Exercise requirements
Give back the full listing exactly, setting the pictures aside.
[Opening Materials provided section]
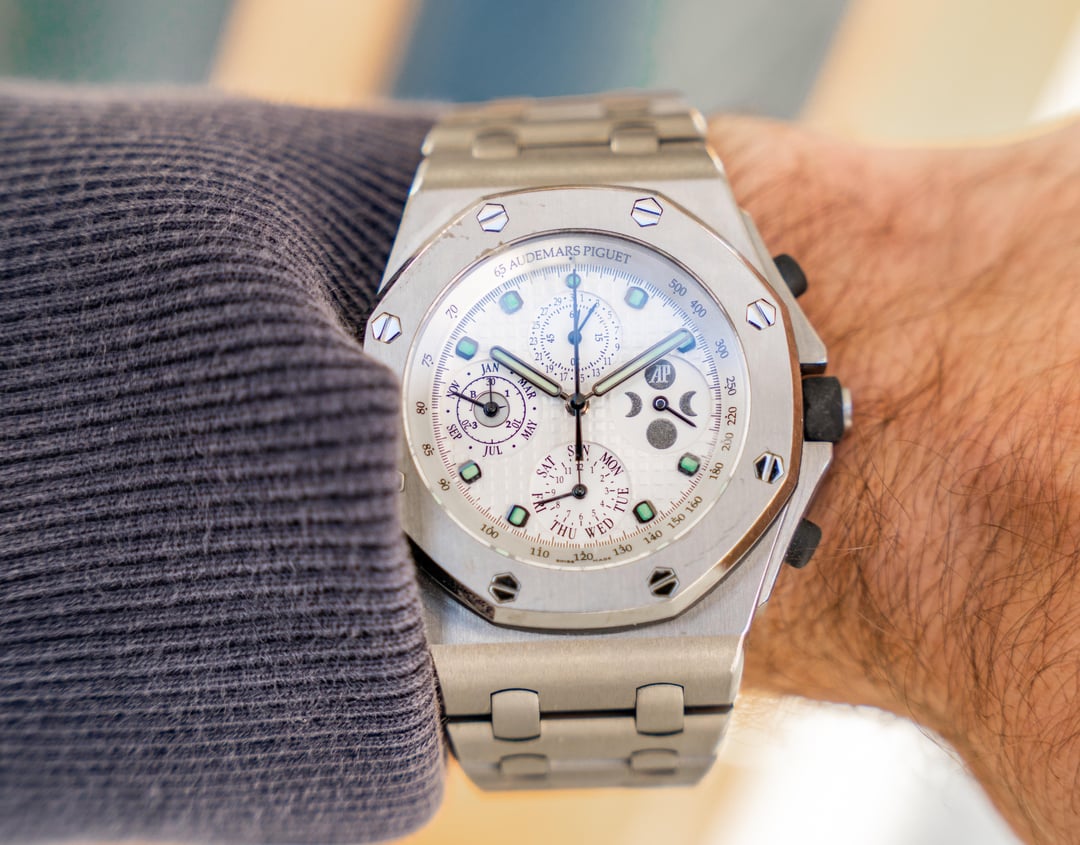 AP PERPETUAL CALENDAR OMG OMG OMG UNDER $60K What a nice little thingy. Actually it’s a big thingy. And it’s titanium. So it’s light. Royal Oak Offshore Perpetual 25854TI.OO.1150TI Thingy thingy etc etc etc Has papers dated 2016 $50,001.5 + label or trades which can be considered cool
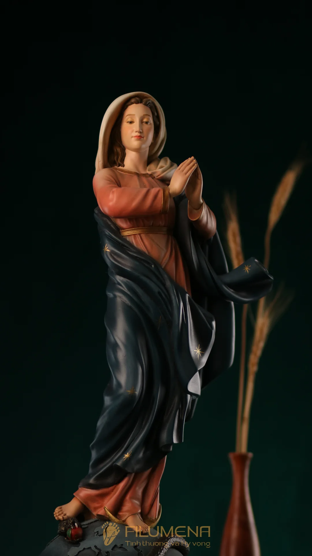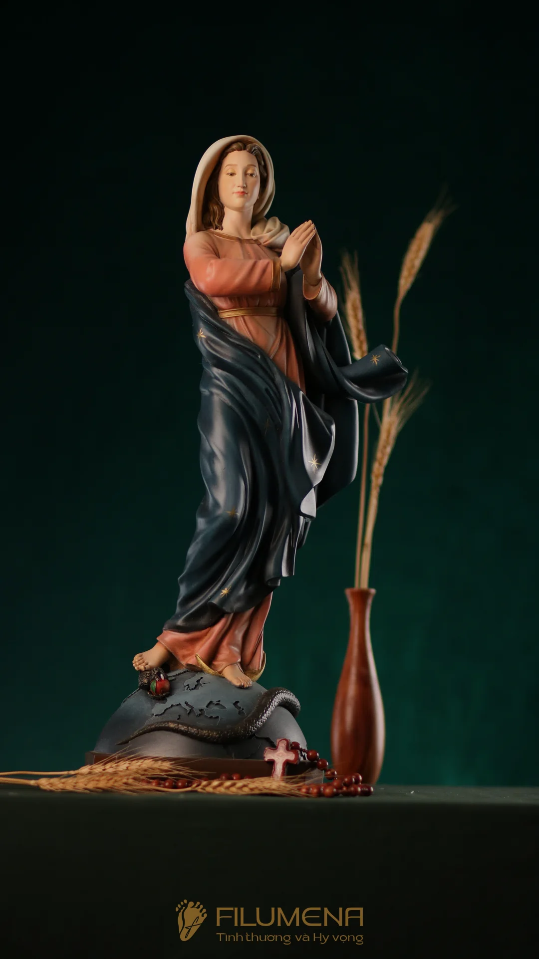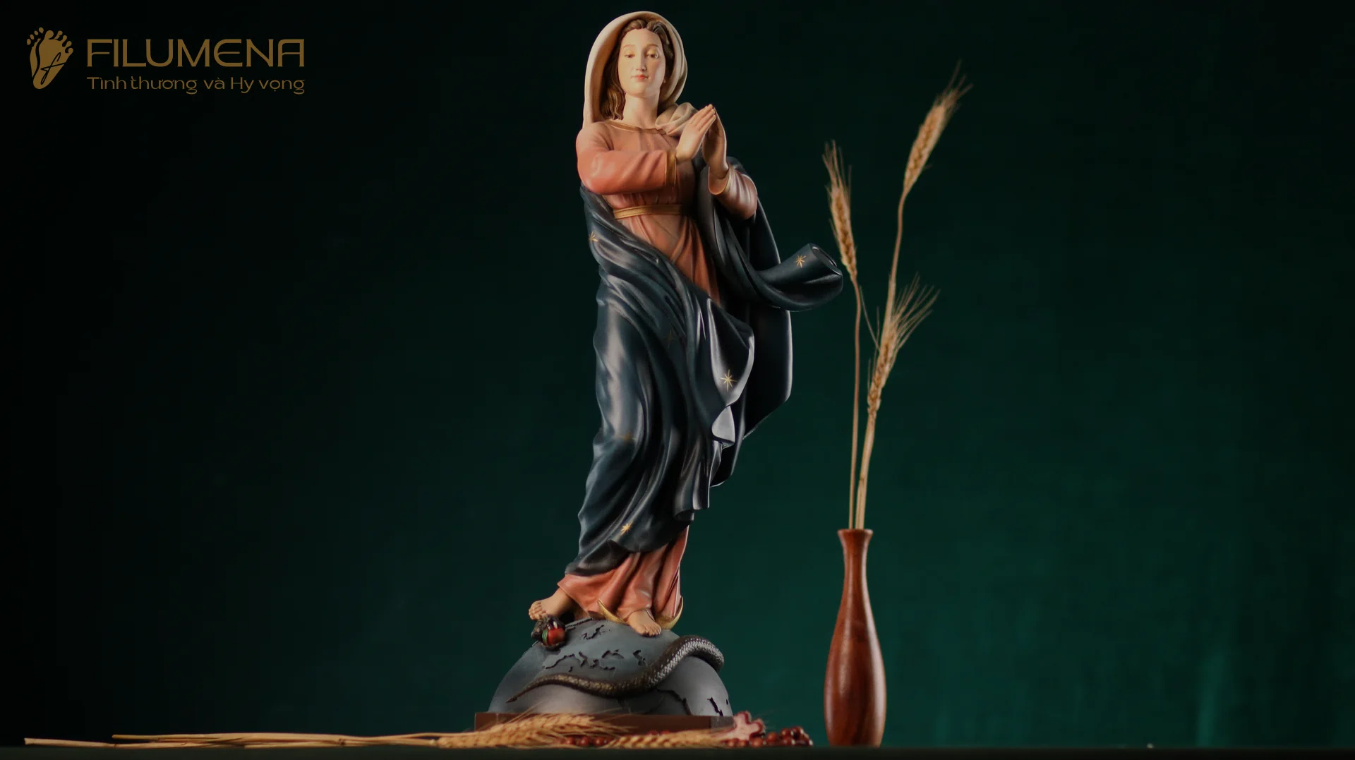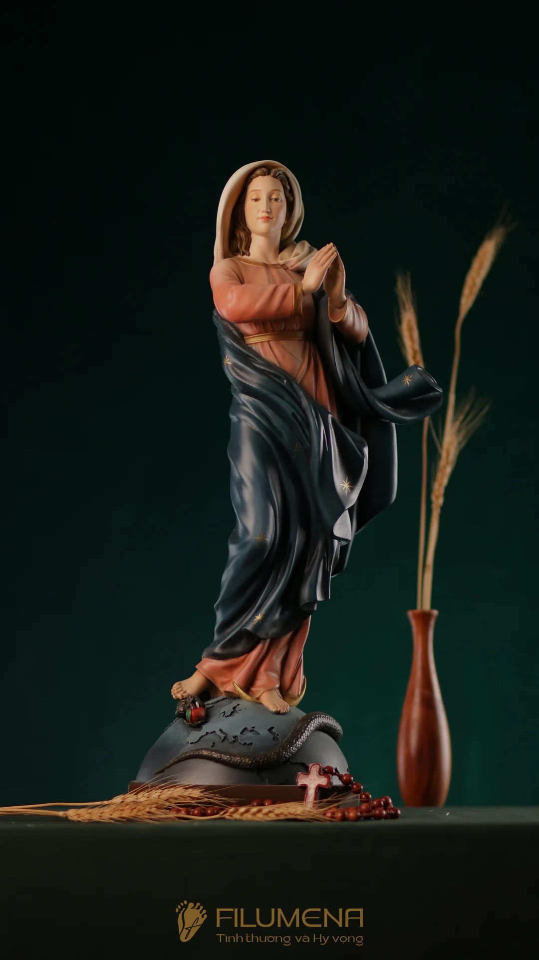 Tác phẩm tượng Mẹ Vô Nhiễm Nguyên Tội này là một phần của bộ 3 tượng bàn thờ Công giáo của Filumena. Tượng Mẹ cũng có thể được đặt riêng trong góc cầu nguyện của quý vị.
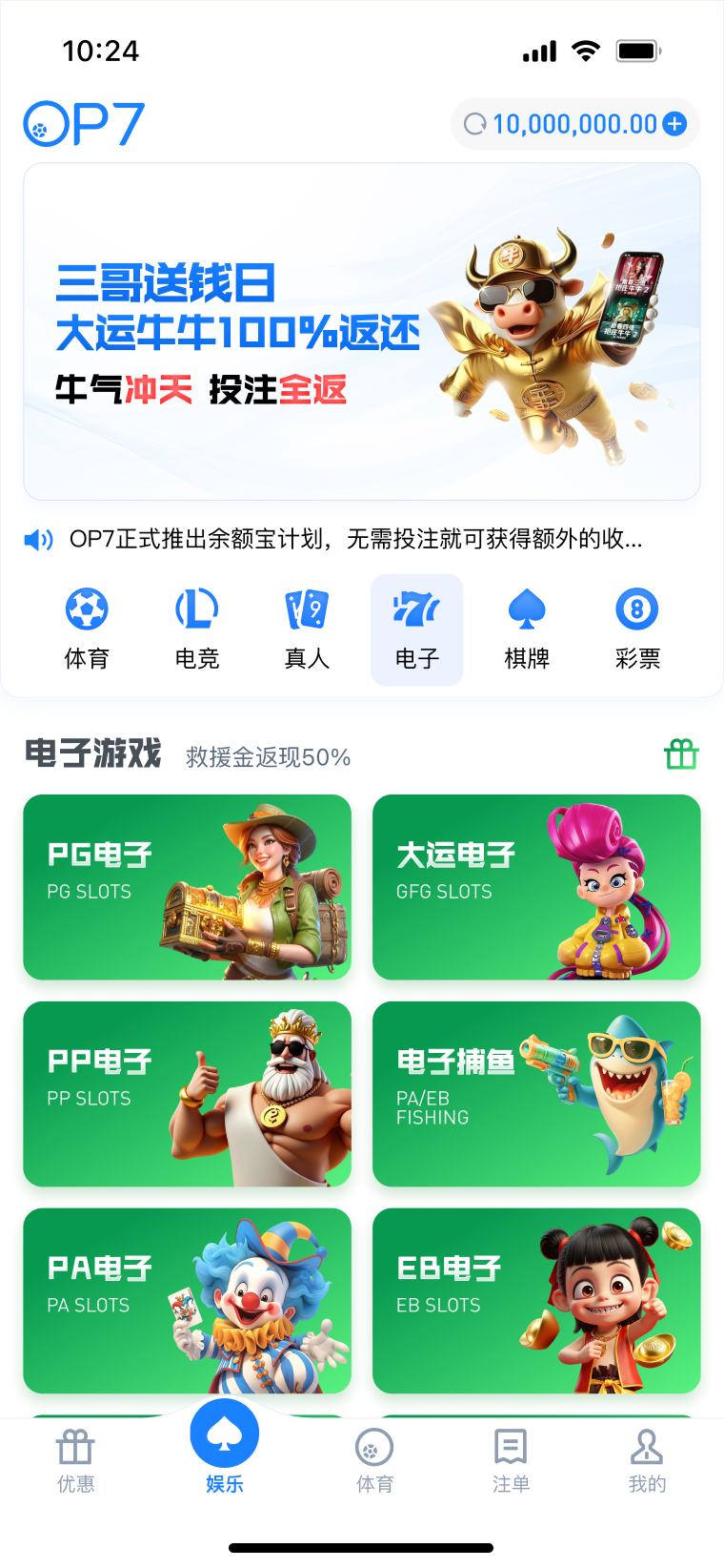 每周于【OP体育】【CME体育】【EB体育】场馆投注指定赛事,享指定场馆总负盈利包赔!本活动无需申请,赛事结束12小时后自动结算包赔彩金。详情请查看官网活动页面。
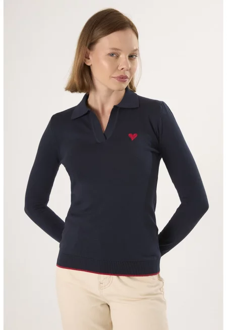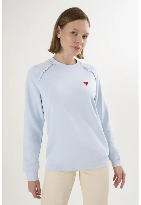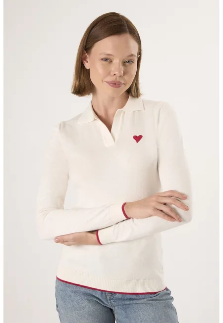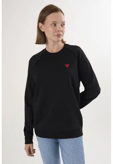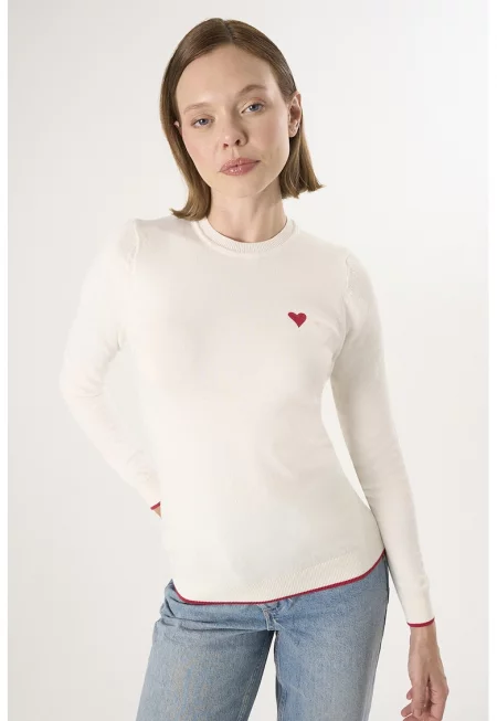 Памучен пуловер със сърцевидна апликация
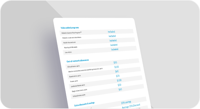 Value added programs SM Diabetic Eyecare Plus Program Included Diabetic exam reminder letters Included Health-focused care Included Hearing aid discounts Included Low vision Included Out-of-network allowances Bifocal lenses, up to $50 Elective contact lens materials and fitting/evaluation, up to $105 Examination, up to $45 Frame, up to $70 Lenticular lenses, up to $100 Single vision lenses, up to $30 Trifocal lenses, up to $65 Extra discounts & savings 5 Additional pairs of glasses 20% savings Laser vision correction (LVC) Average 15% Discount Average savings of 30% on other lens Lens enhancements enhancements 5 20% savings on unlimited additional pairs of prescription or non-prescription glasses/sunglasses, including lens enhancements, from a VSP provider within 12 months of your last WellVision Exam®. VSP QUESTIONS? VSP OUT-OF-NETWORK REIMBURSEMENT CLAIMS (800) 877 7195 PO Box 495918, Cincinnati, OH 45249-5918 BM-SOB-0036-202306
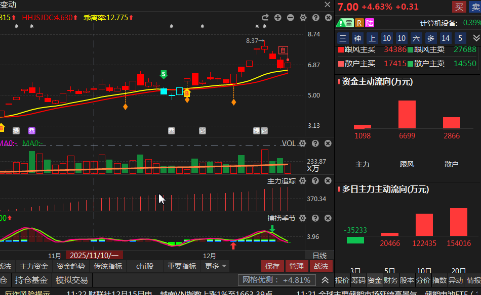 主力二十天净买入15亿4千万
[Closing Materials provided section]
Response for this exercise
 AP PERPETUAL CALENDAR OMG OMG OMG UNDER $60K What a nice little thingy. Actually it’s a big thingy. And it’s titanium. So it’s light. Royal Oak Offshore Perpetual 25854TI.OO.1150TI Thingy thingy etc etc etc Has papers dated 2016 $50,001.5 + label or trades which can be considered cool
 Tác phẩm tượng Mẹ Vô Nhiễm Nguyên Tội này là một phần của bộ 3 tượng bàn thờ Công giáo của Filumena. Tượng Mẹ cũng có thể được đặt riêng trong góc cầu nguyện của quý vị.
 每周于【OP体育】【CME体育】【EB体育】场馆投注指定赛事,享指定场馆总负盈利包赔!本活动无需申请,赛事结束12小时后自动结算包赔彩金。详情请查看官网活动页面。
 Памучен пуловер със сърцевидна апликация
 Value added programs SM Diabetic Eyecare Plus Program Included Diabetic exam reminder letters Included Health-focused care Included Hearing aid discounts Included Low vision Included Out-of-network allowances Bifocal lenses, up to $50 Elective contact lens materials and fitting/evaluation, up to $105 Examination, up to $45 Frame, up to $70 Lenticular lenses, up to $100 Single vision lenses, up to $30 Trifocal lenses, up to $65 Extra discounts & savings 5 Additional pairs of glasses 20% savings Laser vision correction (LVC) Average 15% Discount Average savings of 30% on other lens Lens enhancements enhancements 5 20% savings on unlimited additional pairs of prescription or non-prescription glasses/sunglasses, including lens enhancements, from a VSP provider within 12 months of your last WellVision Exam®. VSP QUESTIONS? VSP OUT-OF-NETWORK REIMBURSEMENT CLAIMS (800) 877 7195 PO Box 495918, Cincinnati, OH 45249-5918 BM-SOB-0036-202306
 主力二十天净买入15亿4千万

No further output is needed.